| YOUR ASSIGNMENT |
Beginning with the line that contains "Csanádpalota, utca részlet, iskola, óvoda, park" and ending with the line that contains "Вкусный получился торт!", reproduce the lines of the entries below exactly, omitting pictures.

| RECORDS PROVIDED |
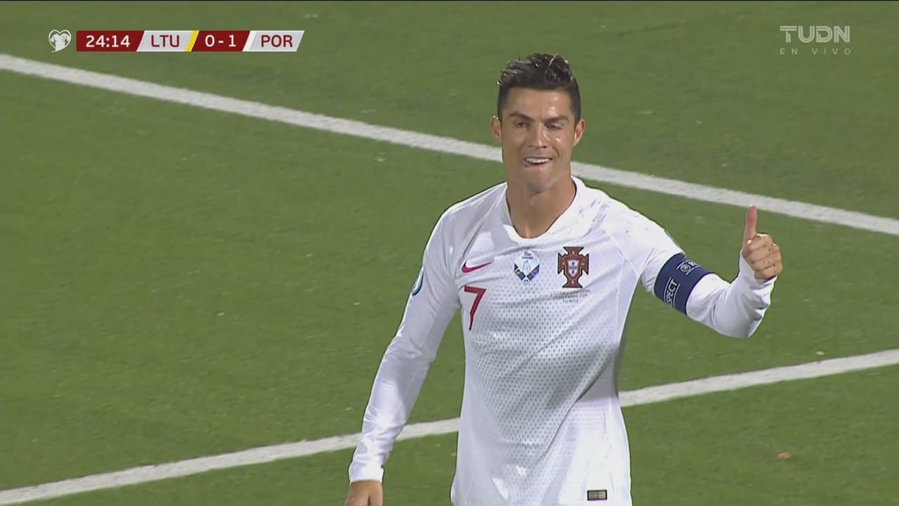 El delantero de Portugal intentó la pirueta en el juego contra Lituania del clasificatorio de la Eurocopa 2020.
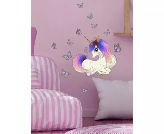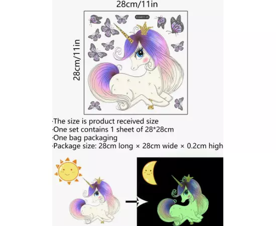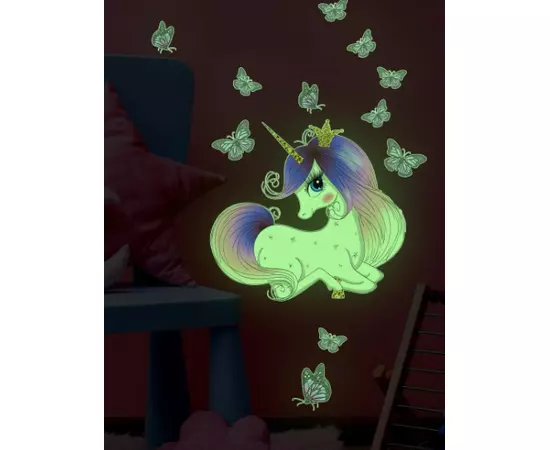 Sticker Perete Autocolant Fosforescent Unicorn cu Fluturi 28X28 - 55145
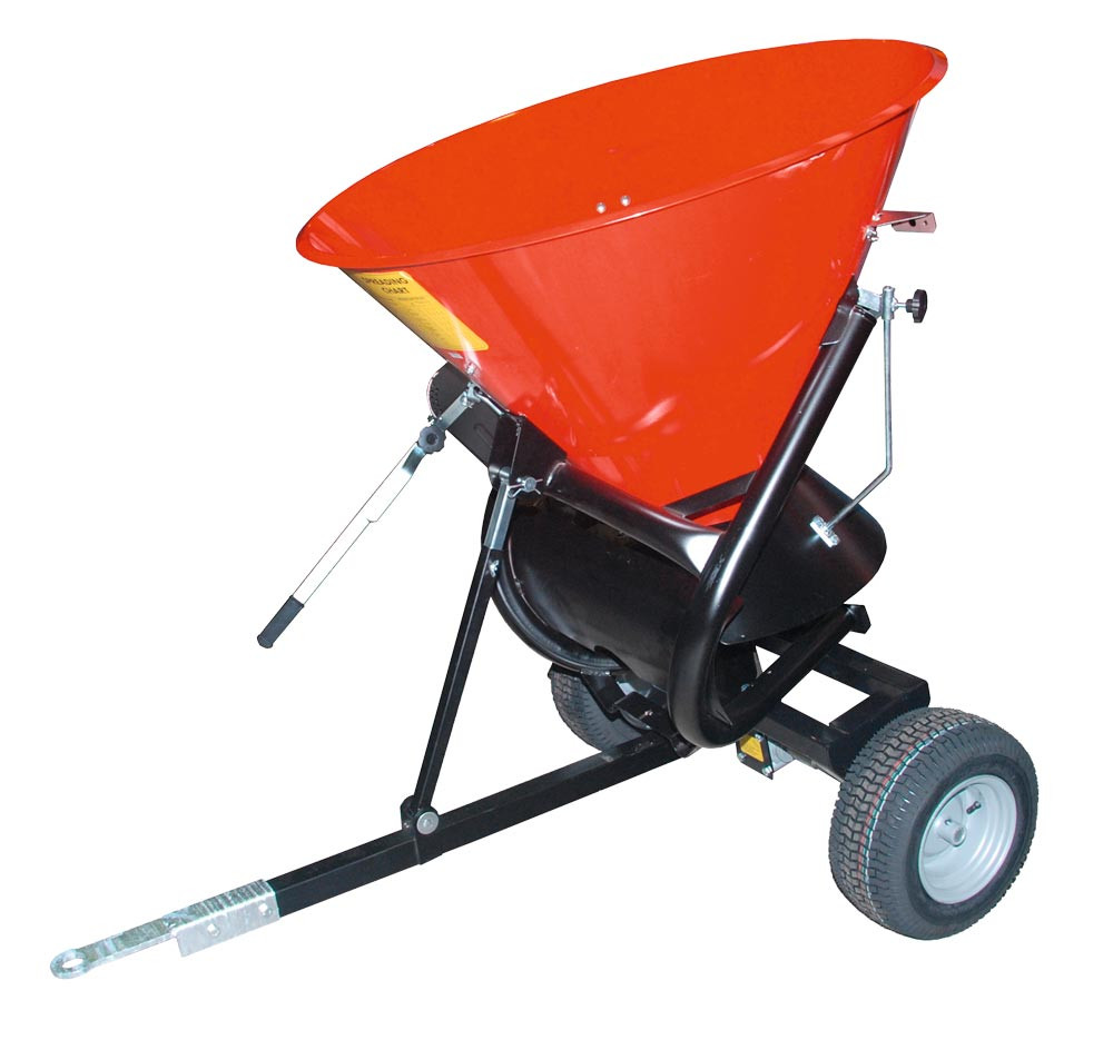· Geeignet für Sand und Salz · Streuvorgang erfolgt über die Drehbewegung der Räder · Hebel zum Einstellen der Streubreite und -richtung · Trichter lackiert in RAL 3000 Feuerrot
--
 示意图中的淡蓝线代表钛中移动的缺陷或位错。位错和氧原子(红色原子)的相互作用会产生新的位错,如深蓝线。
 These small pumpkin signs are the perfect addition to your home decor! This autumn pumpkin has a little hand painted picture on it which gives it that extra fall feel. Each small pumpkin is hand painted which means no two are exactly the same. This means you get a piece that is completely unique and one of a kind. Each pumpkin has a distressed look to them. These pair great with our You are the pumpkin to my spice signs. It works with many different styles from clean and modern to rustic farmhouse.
---
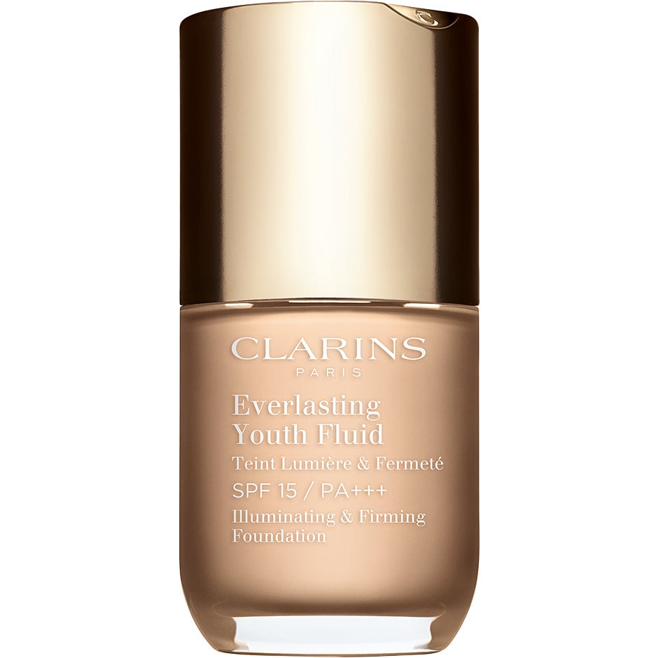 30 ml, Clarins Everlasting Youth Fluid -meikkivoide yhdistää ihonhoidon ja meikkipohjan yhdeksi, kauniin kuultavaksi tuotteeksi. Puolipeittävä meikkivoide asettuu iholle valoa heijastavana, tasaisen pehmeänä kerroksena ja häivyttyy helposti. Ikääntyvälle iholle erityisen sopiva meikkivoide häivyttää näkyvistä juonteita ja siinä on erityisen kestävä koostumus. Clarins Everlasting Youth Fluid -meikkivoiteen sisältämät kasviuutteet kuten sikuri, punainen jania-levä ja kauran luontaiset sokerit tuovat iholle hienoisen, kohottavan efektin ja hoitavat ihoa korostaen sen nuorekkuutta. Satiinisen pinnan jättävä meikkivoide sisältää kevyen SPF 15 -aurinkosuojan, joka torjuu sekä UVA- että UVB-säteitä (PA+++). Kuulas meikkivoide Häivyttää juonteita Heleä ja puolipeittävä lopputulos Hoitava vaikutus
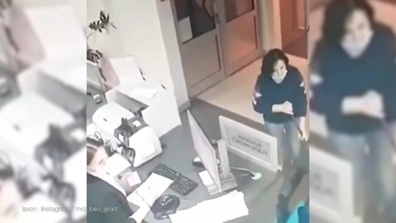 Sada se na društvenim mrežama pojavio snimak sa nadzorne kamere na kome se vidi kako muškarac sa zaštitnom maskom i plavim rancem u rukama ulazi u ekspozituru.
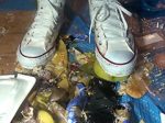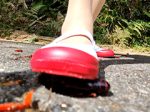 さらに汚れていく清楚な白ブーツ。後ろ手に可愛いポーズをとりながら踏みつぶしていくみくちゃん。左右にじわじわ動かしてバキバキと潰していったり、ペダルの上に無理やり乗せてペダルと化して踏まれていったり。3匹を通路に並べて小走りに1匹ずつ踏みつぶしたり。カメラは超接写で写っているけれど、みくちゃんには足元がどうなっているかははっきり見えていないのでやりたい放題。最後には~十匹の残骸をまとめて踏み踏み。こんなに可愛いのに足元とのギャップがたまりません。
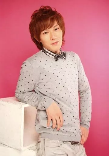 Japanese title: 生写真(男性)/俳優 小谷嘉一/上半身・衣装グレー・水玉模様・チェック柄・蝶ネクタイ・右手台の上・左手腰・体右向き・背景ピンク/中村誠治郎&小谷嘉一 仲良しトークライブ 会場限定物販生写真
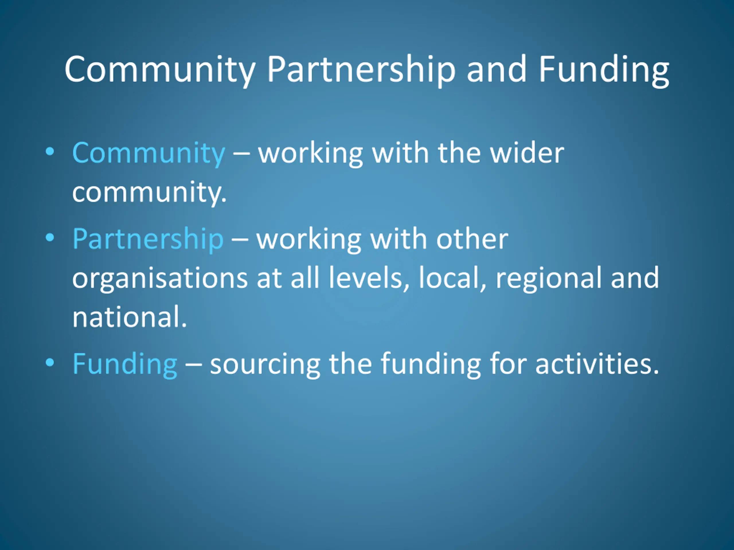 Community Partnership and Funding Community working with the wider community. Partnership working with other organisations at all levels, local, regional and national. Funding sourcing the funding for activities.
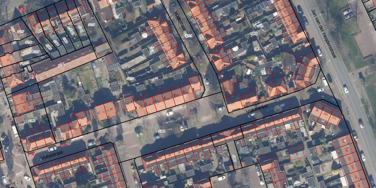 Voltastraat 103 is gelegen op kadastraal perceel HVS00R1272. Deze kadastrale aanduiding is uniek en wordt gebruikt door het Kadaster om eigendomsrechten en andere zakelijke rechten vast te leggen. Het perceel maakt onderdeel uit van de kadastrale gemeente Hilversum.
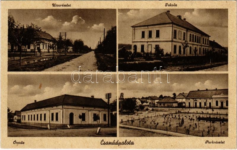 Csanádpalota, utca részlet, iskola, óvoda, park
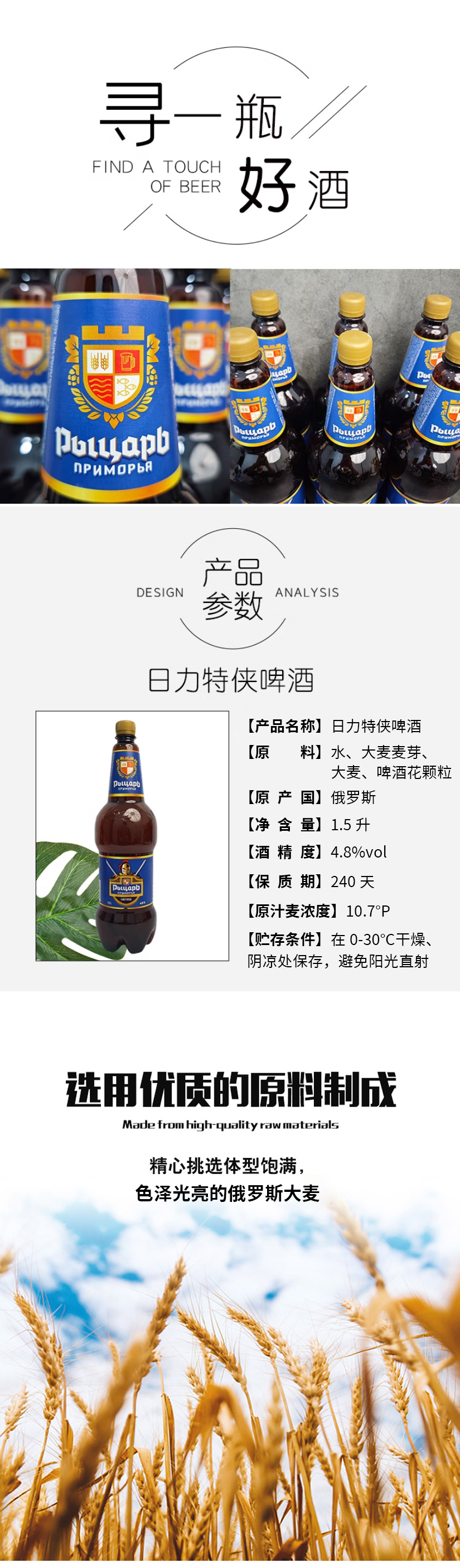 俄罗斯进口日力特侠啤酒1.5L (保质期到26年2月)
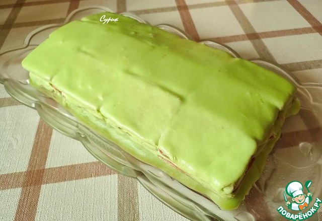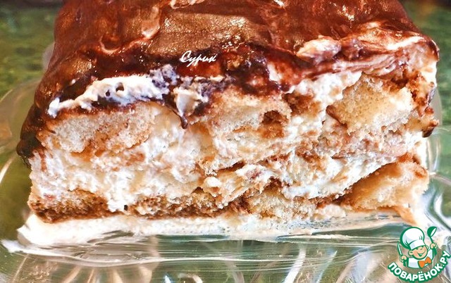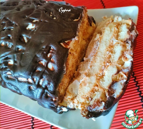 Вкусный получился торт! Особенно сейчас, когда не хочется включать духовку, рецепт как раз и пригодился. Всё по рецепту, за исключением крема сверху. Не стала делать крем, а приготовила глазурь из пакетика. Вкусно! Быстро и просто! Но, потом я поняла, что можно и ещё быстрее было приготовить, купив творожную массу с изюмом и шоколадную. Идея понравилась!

| RESULT FOR THIS TASK |
 Csanádpalota, utca részlet, iskola, óvoda, park
 俄罗斯进口日力特侠啤酒1.5L (保质期到26年2月)
 Вкусный получился торт! Особенно сейчас, когда не хочется включать духовку, рецепт как раз и пригодился. Всё по рецепту, за исключением крема сверху. Не стала делать крем, а приготовила глазурь из пакетика. Вкусно! Быстро и просто! Но, потом я поняла, что можно и ещё быстрее было приготовить, купив творожную массу с изюмом и шоколадную. Идея понравилась!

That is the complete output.